Josh Hull

Personal information
- Full name: Joshua Owen Hull
- Born: 20 August 2004 (age 22) Huntingdon, Cambridgeshire, England
- Height: 201 cm (6 ft 7 in)
- Batting: Left-handed
- Bowling: Left-arm fast medium
- Role: Bowler

International information
- National side: England;
- Only Test (cap 716): 6 September 2024 v Sri Lanka

Domestic team information
- 2023–present: Leicestershire (squad no. 20)
- 2024: Manchester Originals
- 2025: Welsh Fire

Career statistics
| Competition | Test | FC | LA | T20 |
| Matches | 1 | 31 | 10 | 38 |
| Runs scored | 9 | 266 | 3 | 48 |
| Batting average | 9.00 | 14.00 | — | 12.00 |
| 100s/50s | 0/0 | 0/1 | 0/0 | 0/0 |
| Top score | 7* | 97 | 3* | 12* |
| Balls bowled | 102 | 3,450 | 454 | 723 |
| Wickets | 3 | 59 | 17 | 35 |
| Bowling average | 30.33 | 45.45 | 25.88 | 32.85 |
| 5 wickets in innings | 0 | 0 | 0 | 0 |
| 10 wickets in match | 0 | 0 | 0 | 0 |
| Best bowling | 3/53 | 3/13 | 4/43 | 3/28 |
| Catches/stumpings | 0/– | 9/– | 6/– | 6/– |
- Source: ESPNcricinfo, 26 September 2026

= Josh Hull (cricketer) =

English cricketer

Joshua Owen Hull (born 20 August 2004) is an English cricketer who is a left-arm fast medium bowler.

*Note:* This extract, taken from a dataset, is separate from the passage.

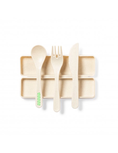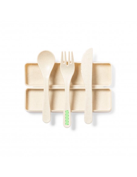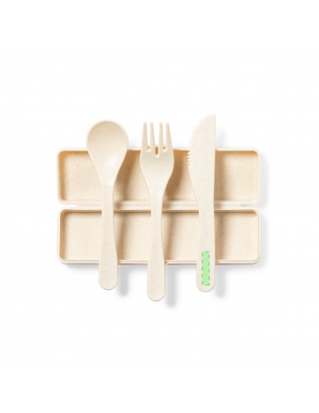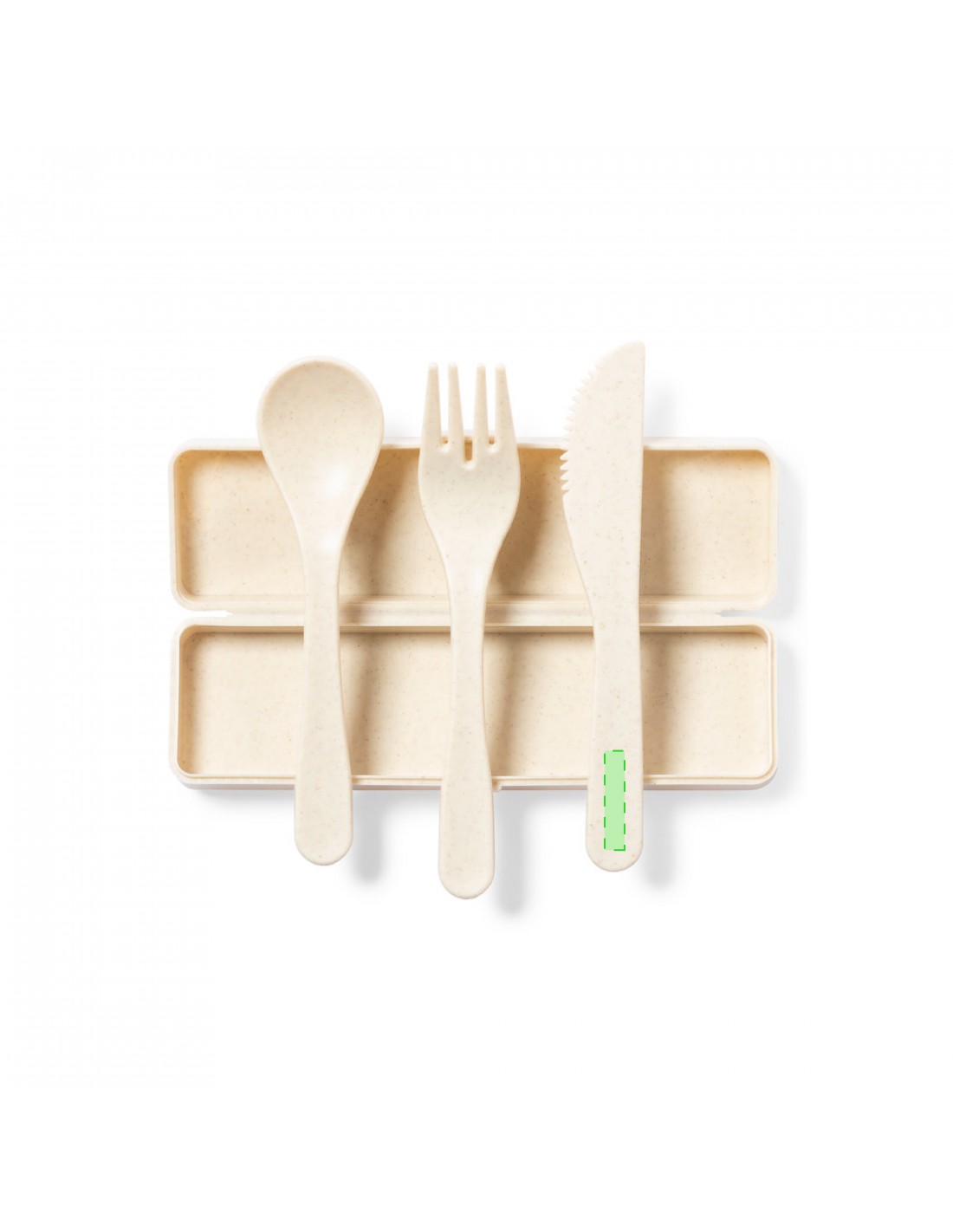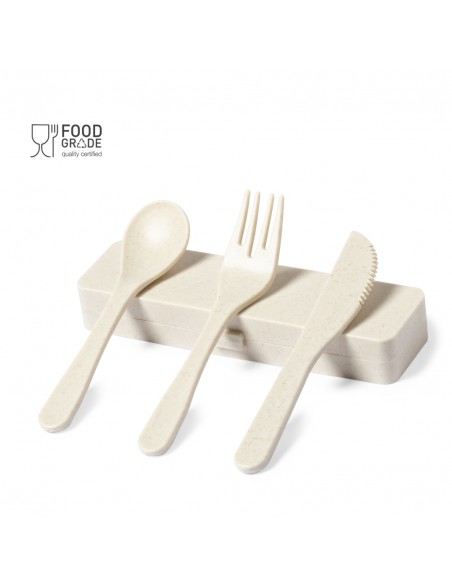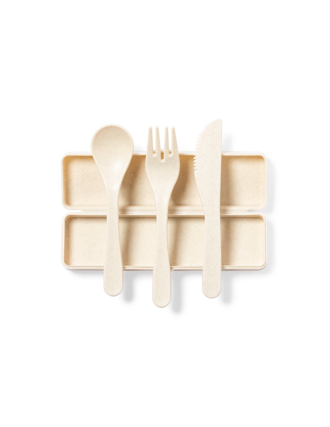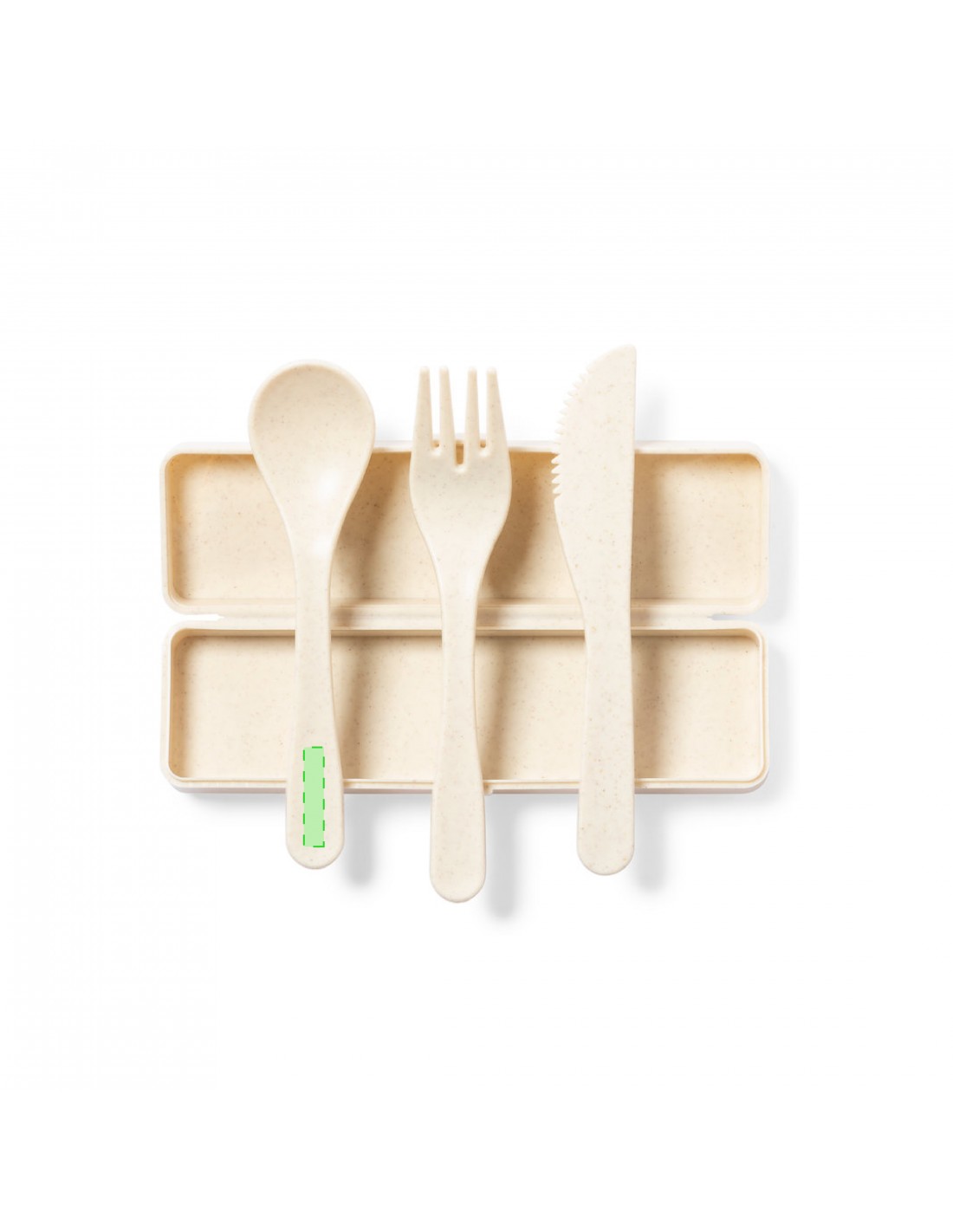 Set di posate personalizzato in PP con finitura venata, senza BPA, con scatola abbinata. Include cucchiaio, forchetta e coltello.

He plays international cricket for England at Test match level, and domestic cricket for Leicestershire. In October 2022, he signed a two-year deal with Leicestershire, after taking 28 wickets for the academy team during the 2022 season.

== Personal background ==

Hull was born on 20 August 2004 in Huntingdon and was educated at Stamford School. Although his great uncle, Grenville Wilson, had played some first-class cricket for Worcestershire in the 1950s, he had wanted to pursue a career in rugby until breaking his right arm at the age of 15. From a farming family, during the COVID lockdown of 2020, his grandmother had a barn converted into a temporary cricket net where he and his brother Ollie could practise. In March 2024, he cited Mitchell Starc as being a player he enjoyed watching and would like to emulate as a bowler.

==Career==
Hull made his first-class debut on 6 April 2023, for Leicestershire against Yorkshire in the County Championship. and finished the match with bowling figures of 4/132. He made his List A debut on 3 August 2023, against Surrey in the One-Day Cup, and his Twenty20 debut on 2 June 2023, against Northamptonshire in the T20 Blast.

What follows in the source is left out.